In Google Docs you can create an outline. You know, using our old buddies UL and LI. Hi UL! Hi LI!

But they do something nasty. They close their LI tags, and then if there is a nested list, they put that between the list elements. So you get:

<ul>
  <li>
    Foo
  </li>
  <ul>
    <li>
      Bar
    </li>
  </ul>
  <li>
    Baz
  </li>
</ul>

See that close li right after "Foo"? Wrong! It should be:

<ul>
  <li>
    Foo
    <ul>
      <li>
        Bar
      </li>
    </ul>
  </li>
  <li>
    Baz
  </li>
</ul>

Or the li close tags could be omitted altogether. They've tried to be a little bit XHTML, but it's just not right, because they are putting something that should be contained inside a list element in between list elements.

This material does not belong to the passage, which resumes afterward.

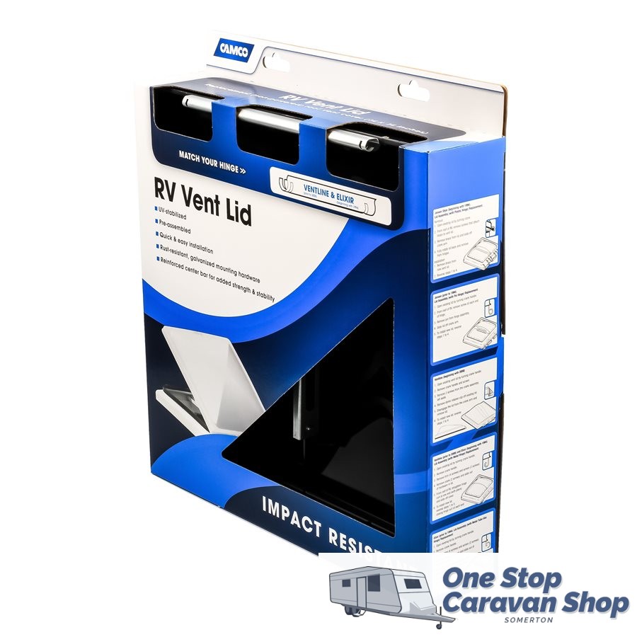 Camco’s Smoke Tinted RV Replacement Vent Lid is impact-resistant and comes preassembled. It includes all mounting hardware for quick, easy installation on 14″ by 14″ RV vents. The hardware is rust resistant and the vent lid is polypropylene. It fits the Vent line style pin pre-2008 and Elixir style pin 1994 and newer.

So now I have to resort to sculduggery to get my stylesheet right, or transform the HTML.

At first Google Docs looked like a good tool, because it seemed to generate clean and simple HTML. But it doesn't. In addition to this issue, they like to pop in extraneous
tags.

For what it's worth, the cute little HTML editor in the newest versions of WordPress gets it right.